By Christian Fraser
BBC News, Rome
Padre Pio was born the son of poor farmers from southern Italy
For 50 years he was said to have borne the bleeding wounds of Jesus.
His followers said he could see into the future and be in two places at once.
Forty years since his death, Padre Pio, now officially Saint Pio of Pietrelcina, continues to move and inspire millions of followers worldwide.
On Thursday, to mark the anniversary of his death, his body will go on display in a glass coffin at his friary at San Giovanni Rotondo, in Puglia, southern Italy.
Already some 700,000 people have registered to visit the sanctuary. Millions more are expected through the year.
The church says entrance to the crypt is free and no decision has yet been taken on how long the coffin will remain on show.
Padre Pio's body was exhumed in March. The Capuchin friars said it was in "surprisingly good condition".
No special measures were taken to preserve the body when he was buried in 1968. It was injected with formalin, but only to preserve it better during the following days in which the devotees filed past the coffin.
Archbishop Domenico D'Ambrosio, who led the service to exhume the body, said: "We could clearly make out the beard. The top part of the skull is partly skeletal but the chin is perfect and the rest of the body is well preserved. The knees, hands and nails all clearly visible."
Since then it has been treated by a mortician to make the face more recognisable.
But there is still one thing missing. The stigmata.

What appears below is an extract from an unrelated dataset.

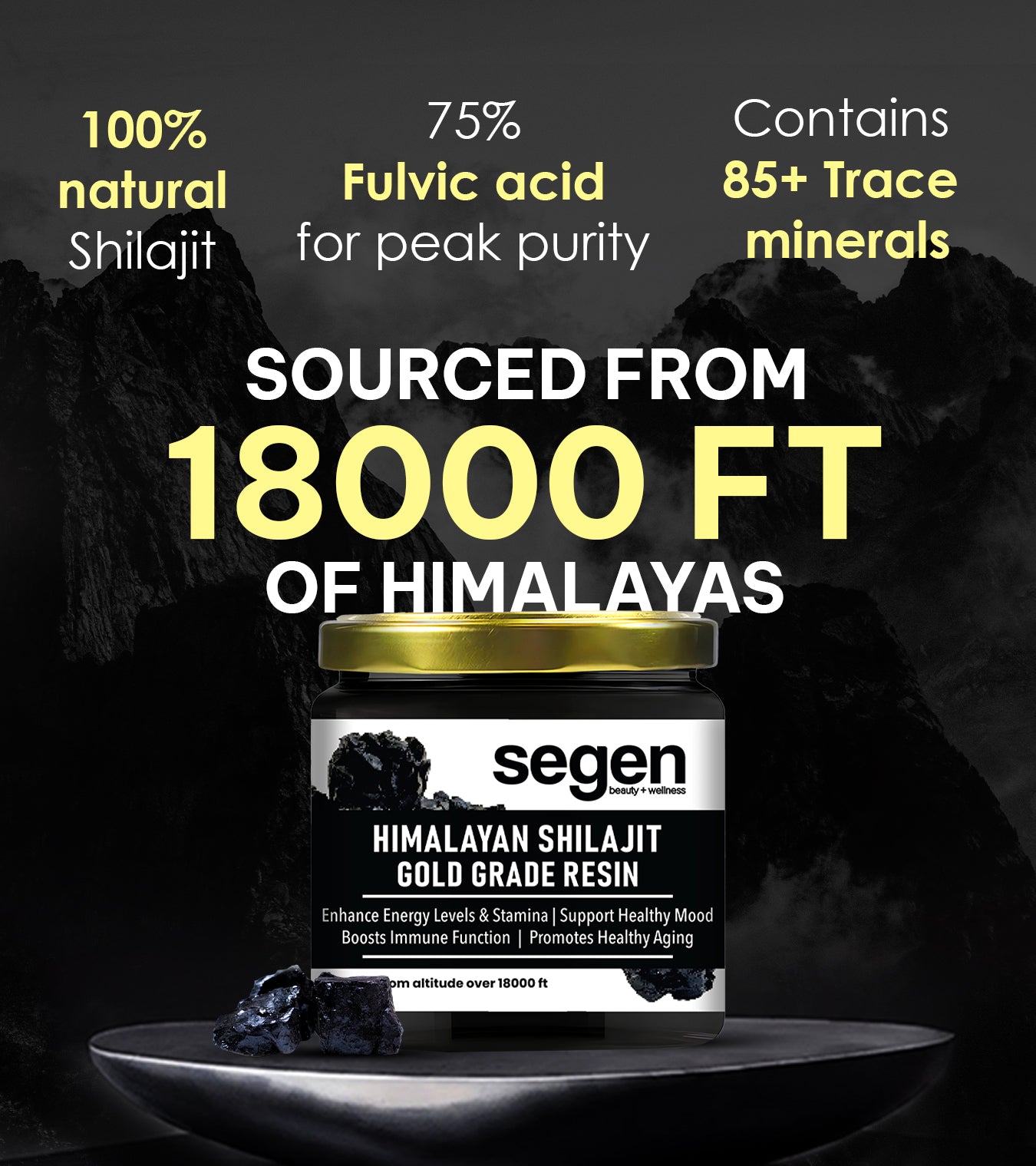 Experience the full potential of ancient Ayurvedic wellness with Segen Wellness Himalayan Shilajit Resin. This premium resin is extracted from high-altitude rocks in the Himalayas and undergoes meticulous purification to retain its natural potency.Each 20g jar is rich in fulvic acid, humic substances, and 85+ essential trace minerals that rejuvenate your body from the inside out.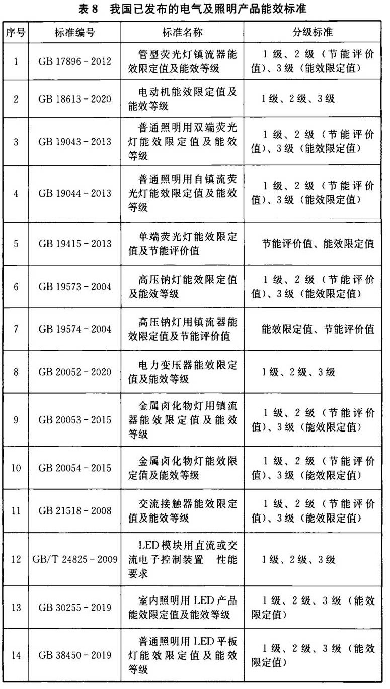 到目前为止,我国已发布的电气及照明产品能效相关标准如下表所示:

Neither his feet nor his hands show any signs of the wounds from which, the church says, he bled spontaneously for much of his life.
Padre Pio was born Francesco Forgione, the son of poor farmers from southern Italy. He joined the Capuchin order at the age of 15 but it was not until he was 23 that the wounds started to appear.
In 1911, he wrote to his spiritual adviser, Padre Benedetto, describing something unusual that had happened to him.
A statue of Padre Pio drew crowds after reports that it shed tears of blood
"I can neither explain nor understand it," he said.
"In the middle of the palms of my hands a red mark appeared, about the size of a penny, accompanied by acute pain in the middle of the red marks.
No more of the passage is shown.